| |
Natuurkundige Verhandelingen van de Hollandsche Maatschappij der Wetenschappen te Haarlem. XIIIde Deel. Te Haarlem, bij de Wed. A. Loosjes, Pz. In gr. 8vo. XCII, 314 en 122 Bl. f 6-:
Onder de uitmuntende bundels van Verhandelingen, door de Hollandsche Maatschappij van Wetenschappen uitgegeven, verdient het dertiende Deel, waaraan velen onzer vaderlandsche Geleerden deel namen, gerangschikt te worden. Recensent zal daarom den korten inhoud dezer onderscheidene Verhandelingen hier laten volgen, zichzelven hier en daar eene kleine aanmerking veroorlovende.
Eene Verhandeling van onzen beroemden Landgenoot a. van stipriaan luiscius, over de Guytonsche Berookingen, is de eerste. Een kort verslag van hetgeen de ervaring van ruim 25 jaren aangaande het vermogen der zoutzure berookingen heeft geleerd, en waardoor de nuttigheid van dit voorbehoedmiddel allezins bevestigd wordt, maakt den inhoud van het eerste gedeelte derzelve uit. Zeer juist en oordeelkundig toont de Schrijver aan, hoe oppervlakkig en partijdig de gevoelens van een' hufeland, horn en hildebrand zijn,
| |
| |
die minder gunstig over de uitvinding van guyton de morveau denken, en, als de voornaamste Medici van Duitschland, de oorzaak zijn, waarom die berookingen aldaar schier niet aangewend worden. In het tweede gedeelte worden de besmettelijke ziekten vermeld, in welke dit middel zou kunnen beproefd worden.
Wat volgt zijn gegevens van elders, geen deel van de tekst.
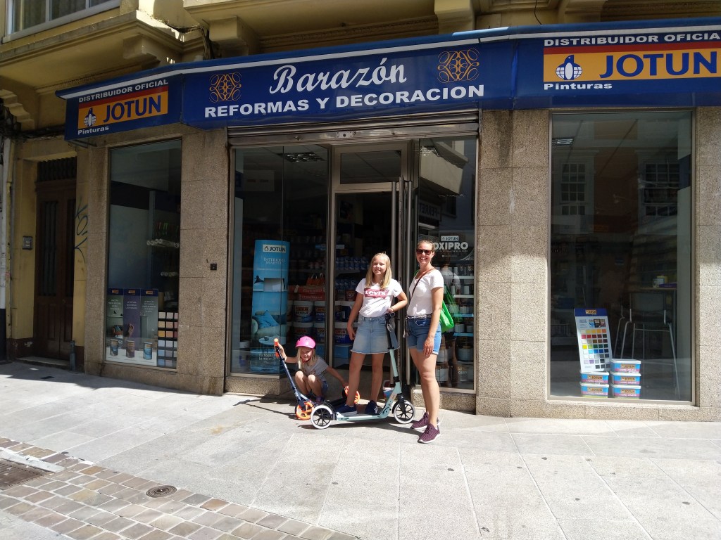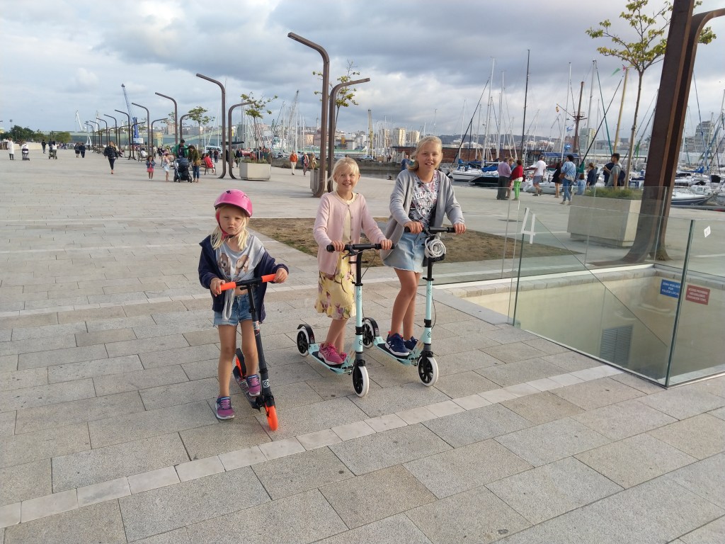 Første stopp på vei sydover ble A Coruna, en utrolig fin by som vi tilbrakte 4 dager i. Marinaen (den dyreste så langt) lå midt i byen med enkel tilgang til både shopping, restauranter, strender og bakere med nybakt brød hver morgen 🙂 Dagene ble en fin kombinasjon av byliv og og bading i utrolig fint vær. Sparkesykler til jentene har lenge stått på ønskelisten, det ble det også orden på;-)

In het derde spreekt de Schrijver van de voorzorgen, daarbij in acht te nemen, en besluit zijne Verhandeling met eene opgave van de inrigtingen, van Gouvernementswege vast te stellen, om deze berookingen meer algemeen te maken. Recensent kan zich met het voorgedragene zeer wel vereenigen, maar vindt het een' zeer vernederenden maatregel, om aan iederen Medicinae Doctor, bij deszelfs promotie, eene Instructie ter hand te stellen, hoe en waar hij deze berookingen moet gebruiken. Het komt hem voor, dat ieder goed Medicus dit van zichzelven moet weten. - Hierna volgt een
Antwoord van den Amsterdamschen Geneesheer d. heilbron op de voorgestelde vraag, aangaande de kenteekenen, oorsprong en voorbehoeding van de Veepest, welke in de laatste jaren vele Noordelijke gewesten in ons Vaderland heeft geteisterd. Het is bekend, dat de Runderpest met vele andere koortsige ziekten van het rundvee wordt verward, en het is daarom van belang, de ware kenteekenen der eerste vast te stellen, om beide van elkander te onderscheiden. Hieraan voldoet de Schrijver in de eerste Afdeeling; waarna hij in de volgende tracht te bewijzen, dat de Veepest nimmer zonder van elders aangebragte besmetting in onze gewesten ontstaat. Uit dit oogpunt de zaak beschouwende, onderzoekt hij, of de maatregelen, in de naburige Rijken omtrent den in- en doorvoer van besmet vee genomen, voor ons Vaderland als geruststellend kunnen beschouwd worden? en daar deze vraag ontkennend wordt beantwoord, gaat de Schrijver in de laatste Afdeeling over tot eene opgave van die middelen, welke kunnen en behooren aangewend te worden, om alle gevaar van besmetting weg te nemen. - Dusdanig is de korte inhoud dezer Verhandeling, welke
| |
| |
de uitgeloofde belooning overwaardig was, en die, zal het heilzame oogmerk der Maatschappij bereikt worden, zoo veel mogelijk onder de Landbouwkundigen behoort te worden bekend gemaakt, waartoe zij zoo zeer geschikt is wegens de eenvoudige en duidelijke manier, waarop de kundige Schrijver zijn onderwerp heeft behandeld. - Wij gaan over tot de
Verhandeling van den Heer kries, Hoogleeraar te Gotha, bevattende voornamelijk een Onderzoek, in hoe verre de proeven van oersted en ampére de Theoriën omtrent de verschijnselen, door de Magneetkracht voortgebragt, al dan niet bevestigd hebben. De Schrijver begint met eene korte optelling der bekende Magnetische verschijnselen, onderzoekt daarna de verschillende Theoriën, ter verklaring derzelven voorgesteld, en vergelijkt deze eindelijk met de uitkomsten, welke de nieuwe proeven van oersted en ampere opleveren. Zoo wel het een als het ander is goed uitgewerkt; hoewel wij niet kunnen ontveinzen, dat de proeven, gedurende de drie laatstverloopene jaren door dezen en genen Natuurkundige in 't werk gesteld, bij ons nog al eenige bedenkingen zouden doen ontstaan omtrent meer dan ééne plaats in deze Verhandeling. Trouwens de schuld hiervan ligt bij den Opgever, niet bij den Schrijver, die, na in het laatste gedeelte zijner Verhandeling het gevoelen van muncke, oersted en ampère naauwkeurig onderzocht te hebben, op de vraag, of wij Electriciteit en Magnetismus voor eenerlei kunnen houden, of beide van elkander moeten onderscheiden, dit antwoord geeft: Adhuc sub judice lis est.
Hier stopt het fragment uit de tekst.